Mark your calendars now for the Amelia Island Museum of History’s most anticipated event of the year. The 8th Annual Holiday Home Tour will take place on Friday, December 5 and Saturday, December 6 from 10 a.m. to 4 p.m.
A high point of the Fernandina Beach festive yuletide season, the Holiday Home Tour will showcase five vintage private homes in the Historic District decorated by professional florists and designers. Free trolley service will transport guests to the featured homes while costumed carolers and characters from Fernandina’s colorful past return them to the Victorian era.
Houses on the Tour:
326 South 7th Street: This 1920s frame cottage with Tudor-revival influence is a tribute to the skills and determination of a DIY owner who took on ten years worth of projects even winning a Best Redo Living Space from This Old House magazine in 2012 for turning the unfinished attic into a lofty master suite. Owner Lynn Anderson reflects, “Too much love and hard work have gone into creating a home that is perfect for my needs for me to ever want to leave.”
510 Beech Street: Constructed c.1873, this was originally the residence of John A. Ferreira, an engineer for the Florida Railroad and its successor lines. Five generations of the Ferreira-Sturges families built on additions and created memories at this home. A one-and-a-half story frame vernacular, the house is noted for its gable returns, transom over the entrance, arched glazed door panels and verandah. Current owners are Charles and Angela Conway.
909 Atlantic Avenue: Our newest “vintage” house, the Hunter Plantation Home is Georgian-Southern Plantation in style and character with white columns, symmetrical shape and sprawling porches. The grand features and spacious scale suggest the charm and genteel lifestyle of the Old South. Completed in January of 2014 by builder Bryan Lendry, it contains many authentic historic elements including a front door dating to 1876. Kenneth and Teresa Hunter are the owners.
401 South 6th Street: This c.1903 home is an excellent example of local frame vernacular noteworthy for its large cross-gable and recessed porch with turned ornamentation. Current owner Elsbeth Smith was one of the first female tug boat captains and was featured in the New Yorker magazine. Expect to see family antiques and artifacts from the tug’s voyages around the world.
15 North 4th Street: Known as Railroad House, this home has had many transformations. Built c.1857 as a simple shotgun-plan cottage for workers on Yulee’s Florida Railroad, it has served as a law office, boutique, bookstore, hair salon, pharmaceutical company, reception/booking center for the Greyfield Inn and perhaps most notably as the Tabor House bed and breakfast in 1991 with 2000 square feet added to the original 1100 square feet. Paula and Laneya Warren are now the owners.

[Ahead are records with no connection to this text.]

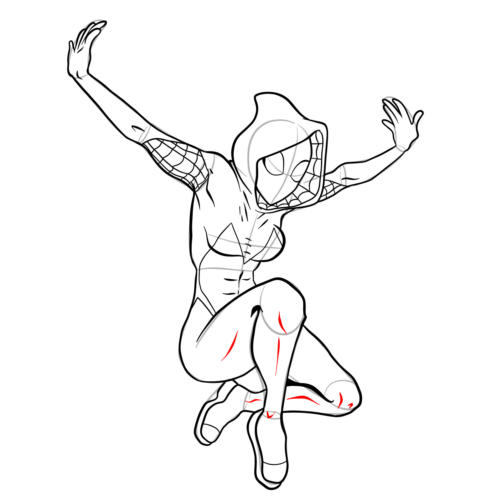 How to draw SpiderGwen in a jump SketchOk
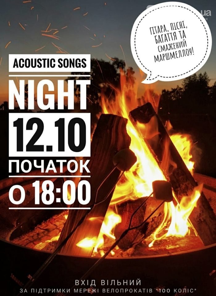 12 жовтня у Центральному парку проведуть акустичний вечір біля багаття. Ірпінцям пропонують пограти на гітарі, поспівати під акустичну музику та посмажити маршмелоу.
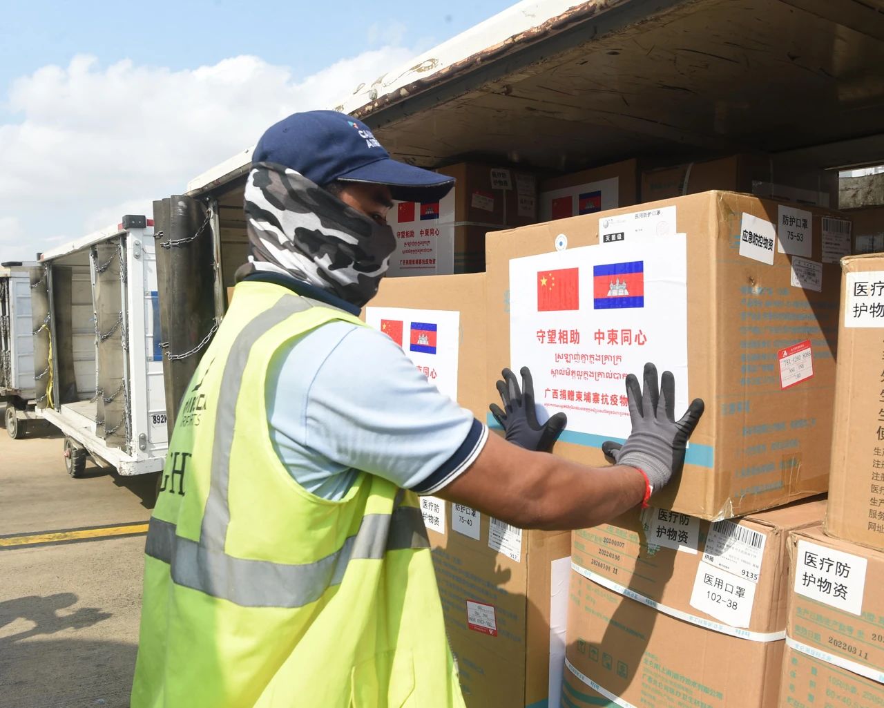 △2020年3月23日,一架搭載7名來自廣西壯族自治區醫療專家和一批防疫醫療物資的中國南航包機降落在柬埔寨首都金邊國際機場。
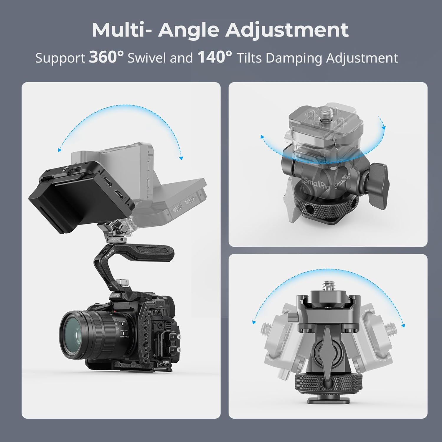 - Swivels 360° & Tilts 140°: SmallRig Adjustable Monitor Holder 4888 can quickly adjust the tightness of the tilt axis through a knob and an accompanying allen wrench, achieving pitch adjustment of 140 ° and horizontal adjustment of 360 °, better adapting to devices of different weights, and more flexibly adapting to multi angle camera positions to meet your shooting needs
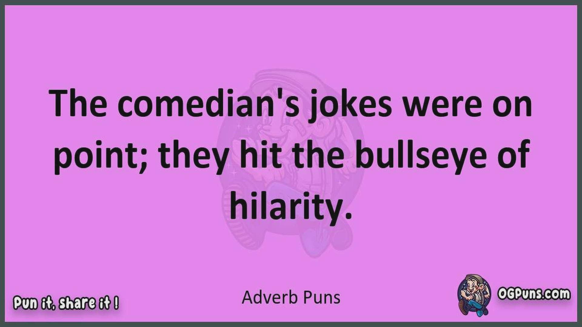 Delve into the delightful world of Adverb Puns ! Here, you'll find an entertaining mix of jokes, puns, quips, and wordplay. Each piece is crafted to offer a quick escape into humor, perfect for a light-hearted moment in any day. Whether you're seeking a chuckle or a clever twist on familiar themes, this collection promises to deliver smiles and laughter. Embrace the lighter side of life with humor that's both witty and refreshing."
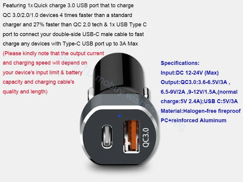 Output(QC 3.0)Max:3.6-6.5V/3A ,6.5-9V/2A ,9-12V/1.5A,5V 2.4A when normal charging
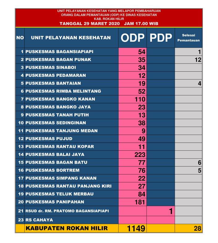 RIAUMANDIRI.ID, ROKAN HILIR - Hingga Ahad (29/3/2020) sore, junlah Orang Dalam Pengawasan (ODP) di Kabupaten Rokan Hilir (Rohil) mencapai 1.149 orang. Sedangkan Pasien Dalam Pengawasan (PDP) berjumlah satu orang yang kini dirawat di RSUD DR RM Pratomo.
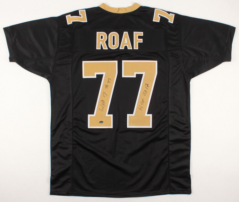 Custom on-field style jersey. Everything is sewn on, size XL. Hand-signed in black felt-tip pen by Willie Roaf (HOF). The lot / autograph(s) includes an official Schwartz Sports Hologram and matching COA for authenticity purposes.Authentication: Schwartz Sports COA
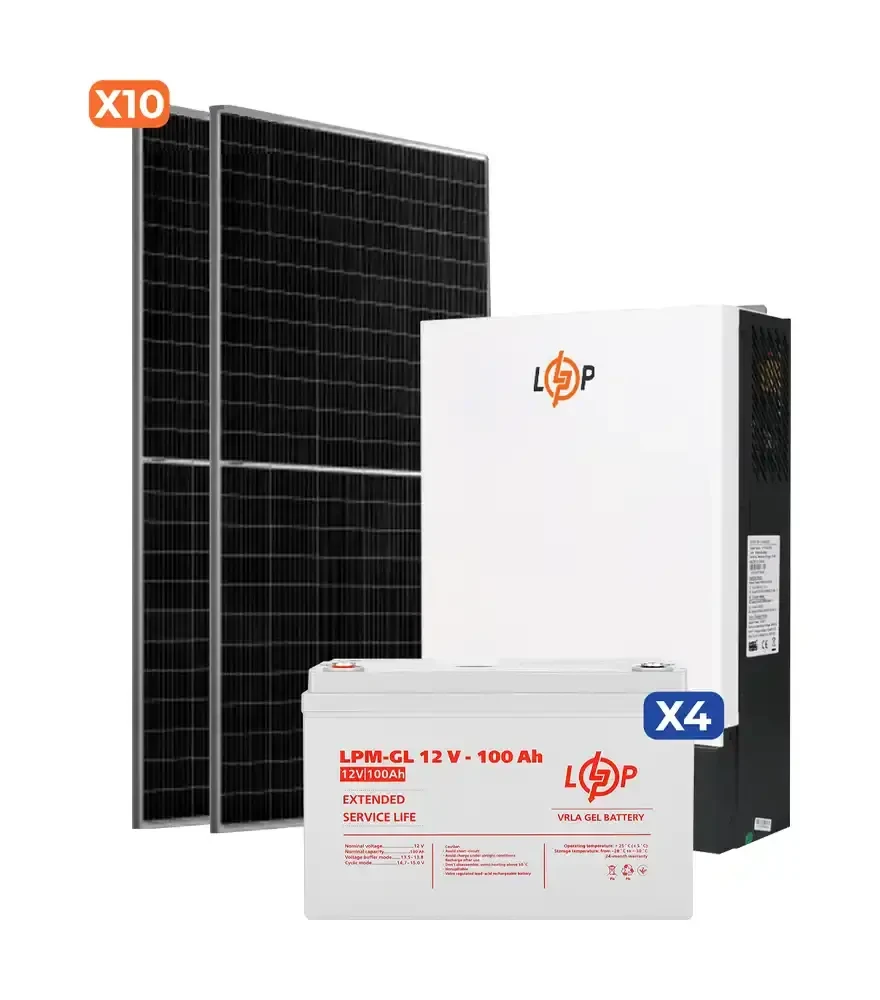 LogicPower Стандарт 100Ah, 5 кВт — це надійна гібридна сонячна електростанція, призначена для забезпечення автономного живлення приватних будинків, дач та інших об’єктів. Система включає в себе 10 монокристалічних сонячних панелей потужністю по 450 Вт кожна, що генерують достатньо енергії для живлення побутових приладів та резервного живлення в умовах відключення електроенергії. Гелеві акумулятори (GEL) ємністю 100 Ah забезпечують стабільне накопичення енергії з можливістю зберігання до 4,8 кВт·год. Інвертор потужністю 5 кВт забезпечує пікову потужність до 5,5 кВт, що дозволяє системі працювати з високими навантаженнями. Вбудований MPPT контролер на 60 А оптимізує зарядку акумуляторів, що підвищує ефективність використання сонячної енергії. Ця система є ідеальним рішенням для тих, хто шукає незалежне і екологічне джерело енергії, яке не потребує додаткового технічного обслуговування.

Available starting the first week of October at the Amelia Island Museum of History, 233 South 3rd Street and at the following Island locations:
• Amelia Island Visitors Center in the Old Train Depot, 102 Centre Street
• Peterbrooke Chocolatier (near Publix), 1427 Sadler Rd.
• The PlantationShop (Palmetto Walk Shopping Center), 4828 First Coast Hwy.
See the Tickets Tab to purchase online.
Prices: $25 before December 5; $30 on days of the tour. For more information and group rates of 10 or more guests call the Museum at 904-261-7378 x 105.
Parking available at the Museum or on the streets surrounding each home. Free trolley service provided to all venues.
Don’t Miss This Added Attraction
Breakfast & Blooms at Cafe Karibo, 27 North 3rd Street: Served at 9 a.m. sharp on both dates of the Tour. Plan to arrive by 8:45 a.m.
Start your day off right. Enjoy a fun and unique culinary experience inside a charming
historic building in downtown Fernandina Beach where an eclectic palette of colors and
furnishings provide a relaxed ambiance. Brooke Grubb Raulerson of Artistic Florist will
be creating holiday arrangements to be won by lucky diners.
Tickets: Available from the Amelia Island Museum of History and online.